Two-step co-sintering method to fabricate anode-supported Ba_3Ca_(1.18)Nb_(1.82)O_(9-δ) proton-conducting solid oxide fuel cells

摘要

Anode-supported solid oxide fuel cells (SOFCs) based on complex-perovskite structured Ba_3Ca_(1.18)Nb_(1.80)O_(9-δ) (BCN18) proton-conducting electrolyte membranes have been successfully fabricated by a novel two-step co-sintering method. BCN18 has been reported to have excellent chemical stability against H_2O and CO_2, but is relatively difficult to densify. In this study, dense BCN18 electrolyte membranes with fine grain size have been obtained by a novel two-step co-sintering method at a relatively low sintering temperature of 1,300 ℃, compared to the typical high sintering temperature of 1,550 ℃. Furthermore, the Ni-BaZr_(0.1)Ce_(0.7)Y_(0.1)Yb_(0.1)O_(3-δ) anode obtained by the novel two-step co-sintering method was composed of small particles with high porosity which is advantageous for electrode performance.

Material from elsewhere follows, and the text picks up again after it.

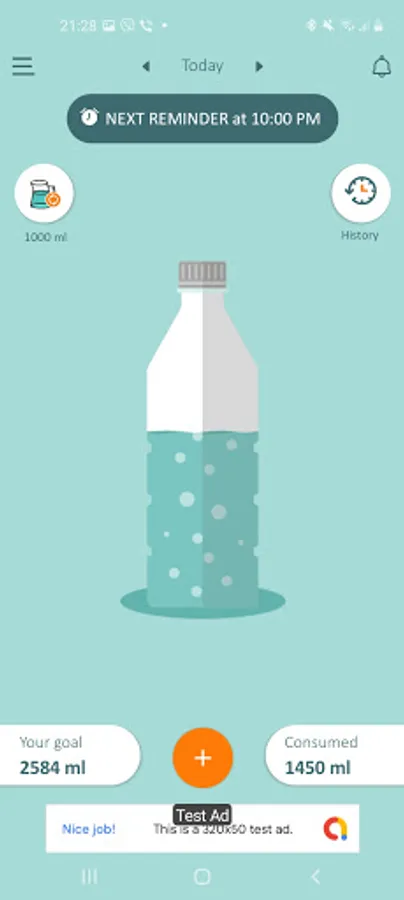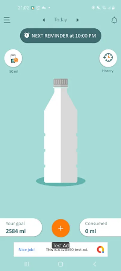 Everything is ready! Enter the application whenever you can, add the water you drank and see your bottle of the day, fill up! Every day we want to have the water we need so much.

Single fuel cells using BCN18 as the electrolyte, Ni-BaZr_(0.1)Ce_(0.7)Y_(0.1)Yb_(0.1)O_(3-δ) as anode and Ba_(0.9)Co_(0.7)Fe_(0.2)Nb_(0.1)O_(3-δ) as cathode demonstrated a power density of 106 mW cm~(-2) at 750 ℃, the best fuel cell performance ever reported for the BCN18 electrolyte. These results suggest that the two-step co-sintering method is a promising method to optimize the microstructure, and combined with proper electrodes, enhanced performance of anode-supported SOFCs using BCN18 proton-conducting electrolyte can be obtained.